WHAT YOU ARE ASKED TO DO »
Your copy should start at the line with "ZESTAW KROSNO PRESTIGE" and end at the line with "ยังคงภาพร่างสวยงามของเครื่องเรือน ตู้ไม้ กรอบรูป" in the data below. Transcribe only those lines, exactly, pictures excluded.

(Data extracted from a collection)
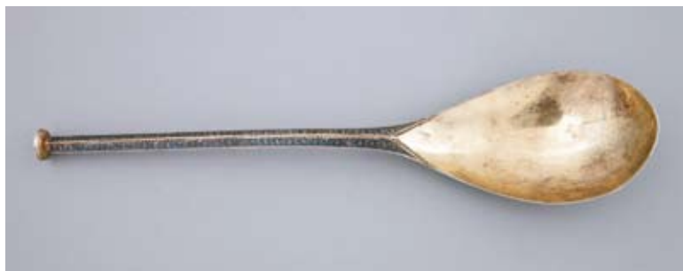
11. Łyżka z herbem „Leliwa”
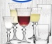
ZESTAW KROSNO PRESTIGE KRISTA 36 ELEMENTÓW 232 ZŁ
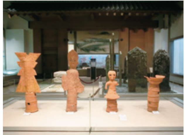
図2 県立博物館の小松島市前山遺跡の埴輪（6世紀）
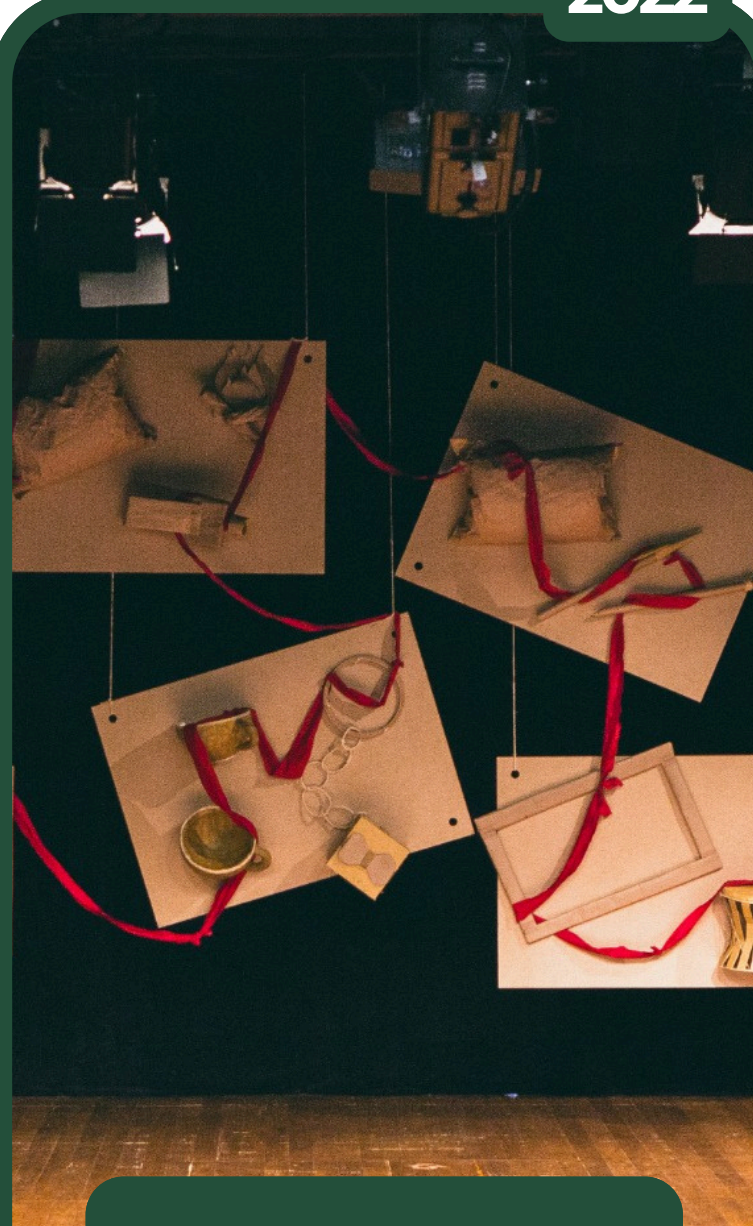
RETALHOS - CENÓGRAFA
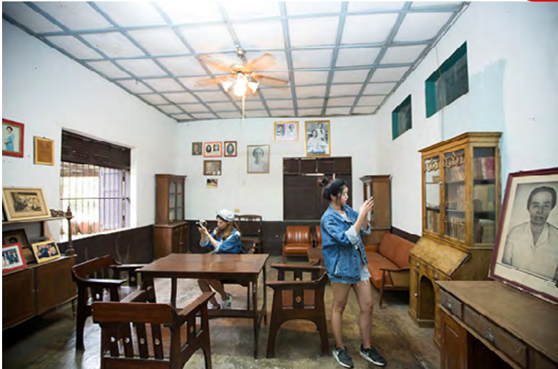
ภายในห้องรับแขกที่บ้านหลวงประเทืองคดี ยังคงภาพร่างสวยงามของเครื่องเรือน ตู้ไม้ กรอบรูป เล่าเรื่องราวของผู้เป็นเจ้าของ ที่ตกทอดผ่านคืนวันมาคู่บ้านวังกรด

The Nest Hotel Pichit ที่พักโมเดิร์นวินเทจ แสนสะดวกสบายในเมืองพิจิตร ถนนสระหลวง โทรศัพท์ ๐ ๕๖๐๓ ๖๐๐๐ เฟซบุ๊ก: The Nest Hotel Pichit
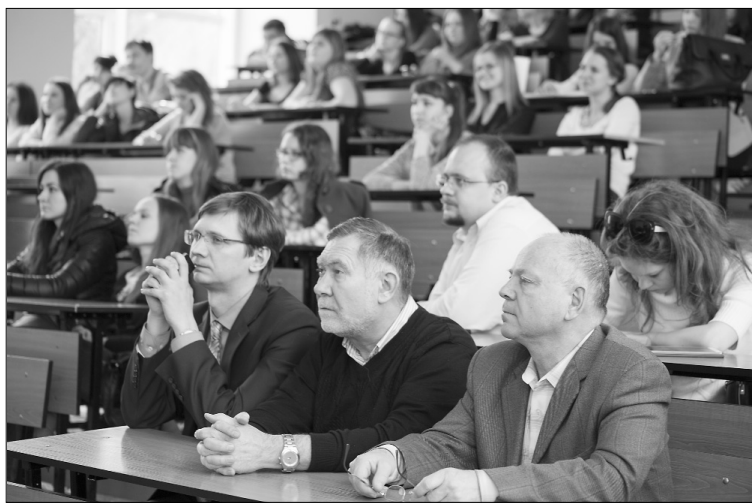
■ Информация к размышлению

Впрочем, о вредных условиях работы на предприятии гости и студенты поговорили во второй половине встречи. На вопрос о реакции организ-

SOLUTION TO THIS PROBLEM »
ZESTAW KROSNO PRESTIGE KRISTA 36 ELEMENTÓW 232 ZŁ
図2 県立博物館の小松島市前山遺跡の埴輪（6世紀）
RETALHOS - CENÓGRAFA
ภายในห้องรับแขกที่บ้านหลวงประเทืองคดี ยังคงภาพร่างสวยงามของเครื่องเรือน ตู้ไม้ กรอบรูป เล่าเรื่องราวของผู้เป็นเจ้าของ ที่ตกทอดผ่านคืนวันมาคู่บ้านวังกรด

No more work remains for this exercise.